Far more seriously, on the current ground scale, unit frontages are correct, but the depths of the units are well out of scale. A battalion in column looks very nice, but it takes up far too much space, front-to-back. When the reserves come on, everything can grind to a halt because there is no room to manoeuvre.
As it is, Élan works fine up to maybe 20 battalions a side plus cavalry plus etc etc. At that point major traffic jams can set in, especially if the terrain is hilly. OK - easy - keep the battle smaller. Well, that's a bit of a heavy constraint. Particularly so since quite a lot of my games come from campaigns, and it seems unreasonable to outlaw battles over a certain size just because the rules and the available table can't cope. The Emperor wouldn’t care for that.
It would be possible to use a bigger table - I have a fantasy about putting a 30 foot x 8 foot table in a marquee in the garden, but at that point we are probably getting silly. I also have a rather worrying thought that the neighbours might catch glimpses of me fighting a solo action in such a setting. Hmmm. Another solution is needed.
No, I believe the answer is just to have an alternate set of rules which allows bigger actions. I have a preliminary sketch for a big-battle variant which is provisionally titled Élan MEP. Reluctantly, I have to admit that MEP comes from "moins est plus", which started life as a joke.

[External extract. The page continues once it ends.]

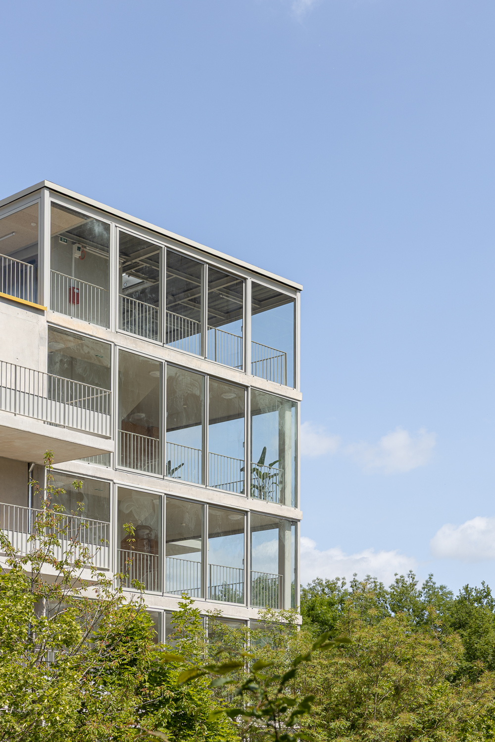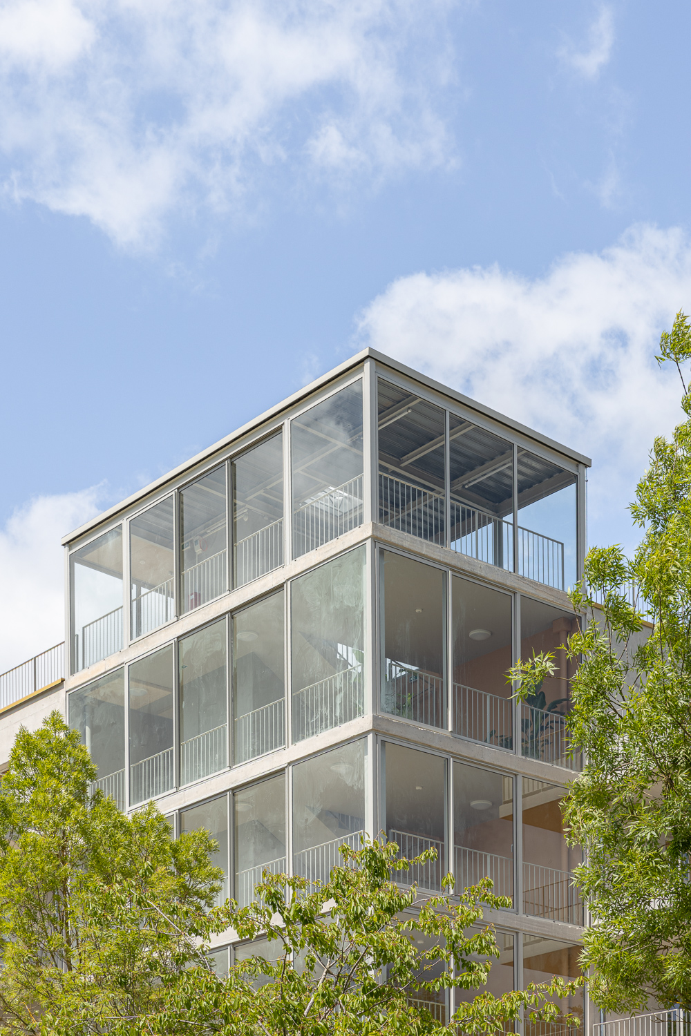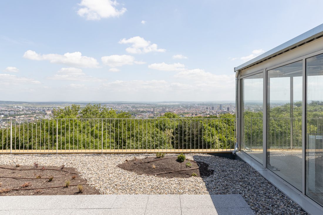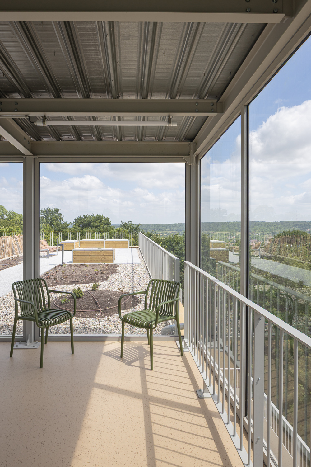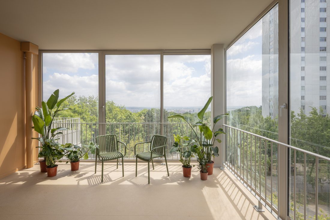Une serre verticale, jardin d’hiver partagé, permet d’accéder au jardin sur le toit. Un lieu de vie, un lieu appropriable, qui est investi par les habitants.

As sketched out, MEP uses double the bound length (one hour of real time), double the ground scale (one hex becomes 500 paces, or a quarter of a mile) and FOUR times the figures scale (which means that a 750-man battalion will be a single 6-figure base rather than a formation of 4 such bases). The effect of this is that a brigade, instead of being a collection of battalions each of which occupies a hex on the battlefield, will occupy a single hex in total.
Much of the tactical deployment will be simplified, and thus some rules will have no place in the new game. For example, Élan’s fixation with unit formations will largely disappear. I have a feeling that it will still be necessary to be able to place an infantry brigade in square(s) for special occasions, but otherwise we should assume that the brigade commanders (who will no longer appear on the table) will look after battalion formations and all that. Once again, the game is getting more and more like a boardgame, but that is what happens as your helicopter-view gets higher and higher - the individual soldiers become less significant.
When I started thinking about this, I was quite excited to realise that I could, at last, do a re-fight of Salamanca if the big game works properly. Why on earth I would choose to do this, and what it would prove if I did, I haven't thought through yet. But the idea that I could if I wanted to was strangely appealing.
That's really all I want to say about this at present. I am hoping that the rules from Élan which deal with command, weather, concealment, army morale and a few other things will just drop into the new game with some minor tweaks in the arithmetic. Other bits will be trickier - my guess is that some of the nippier elements will be decisions about stuff to leave out. I have a strong fancy for borrowing some of the combat and morale mechanisms from Howard Whitehouse's Old Trousers game, which is elegant and, most importantly, simple. Anyway, you get the idea. More of this another time.